═════ Data section ═════

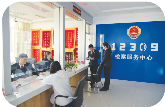
镇赉县人民检察院检务督察部门与政治部联合行动,在全院范围内针对机关安保、警车管理等工作进行全面细致检查。

本报讯(记者孙泓轩 王娅楠)春节前夕,为营造风清气正的节日氛围,镇赉县人民检察院检务督察部门与政治部联合行动,在全院范围内开展了节前专项检务督察工作。
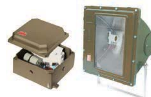
EDAPR + EDPEV Proyector y caja porta equipo para atmosferas de polvos combustibles Ex DIP A 21 para lámparas tubulares o elípticas de vapor de Na y vapor Hg halogenado hasta 400W.
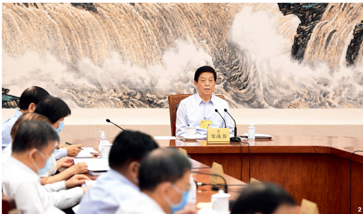
② 6月19日,十三届全国人大常委会第六十一次委员长会议在北京人民大会堂举行,栗战书委员长主持会议。

═════

Assigned task » An exact copy of the listing is needed, minus its pictures.

Result for this task »
镇赉县人民检察院检务督察部门与政治部联合行动,在全院范围内针对机关安保、警车管理等工作进行全面细致检查。

本报讯(记者孙泓轩 王娅楠)春节前夕,为营造风清气正的节日氛围,镇赉县人民检察院检务督察部门与政治部联合行动,在全院范围内开展了节前专项检务督察工作。
EDAPR + EDPEV Proyector y caja porta equipo para atmosferas de polvos combustibles Ex DIP A 21 para lámparas tubulares o elípticas de vapor de Na y vapor Hg halogenado hasta 400W.
② 6月19日,十三届全国人大常委会第六十一次委员长会议在北京人民大会堂举行,栗战书委员长主持会议。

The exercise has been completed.